Isaiah Austin |Google Images
Isaiah Austin |Google Images

WASHINGTON, June 24, 2014 — Marfan syndrome is a genetic disorder that often results in long arms, legs and fingers, and in a tall and lanky body type. One in 5,000 people are affected, including men and women and people of every race and ethnic group. Isaiah Austin, the former Baylor center whose career path seemed to lead directly to the NBA, has been diagnosed with Marfan syndrome.

Austin was diagnosed this weekend after a standard EKG test revealed an abnormality. Marfan syndrome can produce enlargement of the aorta, the artery carrying blood from the heart to every other part of the body. Aortic enlargement in people with Marfan syndrome can be progressive, and it is the most lethal result of the disease.
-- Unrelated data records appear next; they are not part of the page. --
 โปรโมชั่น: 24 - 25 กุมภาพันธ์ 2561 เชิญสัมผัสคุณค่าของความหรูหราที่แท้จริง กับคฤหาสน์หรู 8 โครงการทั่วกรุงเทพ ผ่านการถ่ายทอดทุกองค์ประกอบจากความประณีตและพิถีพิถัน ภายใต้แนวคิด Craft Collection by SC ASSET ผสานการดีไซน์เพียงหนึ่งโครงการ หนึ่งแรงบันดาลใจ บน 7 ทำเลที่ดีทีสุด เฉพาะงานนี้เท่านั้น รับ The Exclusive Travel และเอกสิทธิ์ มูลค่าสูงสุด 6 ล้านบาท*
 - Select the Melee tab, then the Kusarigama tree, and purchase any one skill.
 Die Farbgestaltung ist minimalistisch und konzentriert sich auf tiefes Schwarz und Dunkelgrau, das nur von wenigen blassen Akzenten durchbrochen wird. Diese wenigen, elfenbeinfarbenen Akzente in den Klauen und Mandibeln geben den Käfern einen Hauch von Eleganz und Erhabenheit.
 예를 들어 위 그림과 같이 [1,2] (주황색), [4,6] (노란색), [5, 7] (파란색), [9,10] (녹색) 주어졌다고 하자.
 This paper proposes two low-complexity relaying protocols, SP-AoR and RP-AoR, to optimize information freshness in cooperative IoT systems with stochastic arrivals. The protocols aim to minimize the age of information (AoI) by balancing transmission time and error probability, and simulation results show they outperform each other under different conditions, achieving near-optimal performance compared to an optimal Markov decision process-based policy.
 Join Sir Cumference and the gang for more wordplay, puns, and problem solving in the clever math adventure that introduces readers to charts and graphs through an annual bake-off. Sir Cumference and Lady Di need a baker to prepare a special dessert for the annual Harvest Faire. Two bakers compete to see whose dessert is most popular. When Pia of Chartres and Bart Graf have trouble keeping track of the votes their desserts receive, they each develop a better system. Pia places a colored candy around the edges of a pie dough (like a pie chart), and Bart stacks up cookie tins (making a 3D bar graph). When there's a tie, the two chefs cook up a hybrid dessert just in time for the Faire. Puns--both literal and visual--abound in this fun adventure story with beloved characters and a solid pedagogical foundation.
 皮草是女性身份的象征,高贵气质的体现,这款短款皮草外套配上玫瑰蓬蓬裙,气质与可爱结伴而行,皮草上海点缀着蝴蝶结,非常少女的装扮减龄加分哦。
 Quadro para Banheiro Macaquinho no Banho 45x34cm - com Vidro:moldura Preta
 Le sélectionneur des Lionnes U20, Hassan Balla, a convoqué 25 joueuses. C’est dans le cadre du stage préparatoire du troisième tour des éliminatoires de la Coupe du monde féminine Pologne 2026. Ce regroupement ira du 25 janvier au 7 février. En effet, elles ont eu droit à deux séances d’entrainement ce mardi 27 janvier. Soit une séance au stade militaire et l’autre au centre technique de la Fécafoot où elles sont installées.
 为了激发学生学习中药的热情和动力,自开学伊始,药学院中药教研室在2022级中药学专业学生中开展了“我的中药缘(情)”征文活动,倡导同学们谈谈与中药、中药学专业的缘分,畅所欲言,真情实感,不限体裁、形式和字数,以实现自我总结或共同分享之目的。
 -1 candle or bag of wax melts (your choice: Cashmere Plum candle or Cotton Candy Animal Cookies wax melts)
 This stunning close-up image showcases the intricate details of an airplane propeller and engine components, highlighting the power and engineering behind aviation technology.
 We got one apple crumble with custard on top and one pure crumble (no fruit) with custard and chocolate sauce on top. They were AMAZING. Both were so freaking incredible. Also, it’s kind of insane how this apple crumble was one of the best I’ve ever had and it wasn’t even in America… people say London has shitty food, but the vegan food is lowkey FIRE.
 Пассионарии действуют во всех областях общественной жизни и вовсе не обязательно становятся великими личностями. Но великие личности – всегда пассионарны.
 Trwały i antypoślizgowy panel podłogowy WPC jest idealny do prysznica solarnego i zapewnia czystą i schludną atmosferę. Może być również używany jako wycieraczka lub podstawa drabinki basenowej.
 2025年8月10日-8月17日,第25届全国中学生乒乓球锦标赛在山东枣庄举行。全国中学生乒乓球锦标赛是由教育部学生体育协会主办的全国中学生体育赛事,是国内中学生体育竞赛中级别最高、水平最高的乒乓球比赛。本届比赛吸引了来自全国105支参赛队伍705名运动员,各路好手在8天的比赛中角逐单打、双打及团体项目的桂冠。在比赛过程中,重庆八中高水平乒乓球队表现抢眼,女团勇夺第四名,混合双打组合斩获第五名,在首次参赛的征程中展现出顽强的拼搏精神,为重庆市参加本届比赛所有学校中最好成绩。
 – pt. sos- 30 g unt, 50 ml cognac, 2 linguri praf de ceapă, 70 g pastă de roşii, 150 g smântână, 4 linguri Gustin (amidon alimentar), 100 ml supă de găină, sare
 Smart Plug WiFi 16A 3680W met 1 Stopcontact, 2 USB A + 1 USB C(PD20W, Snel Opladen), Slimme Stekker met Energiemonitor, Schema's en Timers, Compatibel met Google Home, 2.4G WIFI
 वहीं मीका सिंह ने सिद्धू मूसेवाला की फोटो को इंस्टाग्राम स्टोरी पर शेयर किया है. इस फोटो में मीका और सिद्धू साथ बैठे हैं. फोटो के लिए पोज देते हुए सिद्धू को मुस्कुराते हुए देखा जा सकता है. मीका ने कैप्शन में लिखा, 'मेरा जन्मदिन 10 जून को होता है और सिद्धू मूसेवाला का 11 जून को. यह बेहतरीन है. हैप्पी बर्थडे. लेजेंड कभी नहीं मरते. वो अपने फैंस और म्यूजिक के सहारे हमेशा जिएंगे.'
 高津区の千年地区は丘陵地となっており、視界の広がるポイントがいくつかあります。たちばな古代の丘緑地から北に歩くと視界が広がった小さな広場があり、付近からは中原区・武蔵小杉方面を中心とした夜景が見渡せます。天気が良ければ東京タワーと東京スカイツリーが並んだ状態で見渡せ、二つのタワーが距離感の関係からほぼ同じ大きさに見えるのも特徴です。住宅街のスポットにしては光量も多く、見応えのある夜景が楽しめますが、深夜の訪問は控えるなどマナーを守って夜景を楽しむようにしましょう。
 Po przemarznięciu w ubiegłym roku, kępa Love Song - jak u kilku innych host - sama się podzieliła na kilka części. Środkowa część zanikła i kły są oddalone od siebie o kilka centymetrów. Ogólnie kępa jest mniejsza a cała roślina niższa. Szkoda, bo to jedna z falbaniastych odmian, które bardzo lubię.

After the EKG raises a warning flag, further genetic testing shows the markers for Marfan syndrome. The syndrome is usually inherited, though it arises as a spontaneous mutation in one-out-of-four people affected. The defect is in the FBN1 gene that produces fibrillin-1, a protein that links to other molecules of fibrillin-1 and other proteins to produce long, elastic strands called microfibrils, which allow skin, ligaments and blood vessels to stretch. They also provide support for muscles, nerves, and the lens of the eye. There are over a thousand different mutations to the FBN1 gene that can produce Marfan syndrome.

Antoine Marfan, a French pediatrician, first described the disease in 1896.

These elastic strands are found throughout the body, so the effects of Marfan syndrome can be diverse and interfere with the proper functioning of the entire musculoskeletal and cardiovascular systems. The severity differs from person to person. Some people live to a comfortable old age with Marfan syndrome; others, like athletes and others who engage in physically strenuous activities, can die suddenly from aortic failure.

Flo Hyman, the star of Daiei, was the best American woman volleyball player ever. She was competing over the winter in a top Japanese league when, on Friday, January 24, 1986, she sat down on the bench, slid to the floor, and was pronounced dead of a heart attack. An autopsy performed at the request of Hyman’s family showed that this strong, 6-foot-5-inch, 31-year-old athlete actually died from a ruptured aorta, caused by Marfan syndrome.

The obvious identifying features of Marfan syndrome include the extreme tallness and long limbs already described, but they also include deformities of the breastbone — in some cases protruded, or pigeon-breasted, and in other cases indented — nearsightedness, curved spine, crowded teeth, and flat feet.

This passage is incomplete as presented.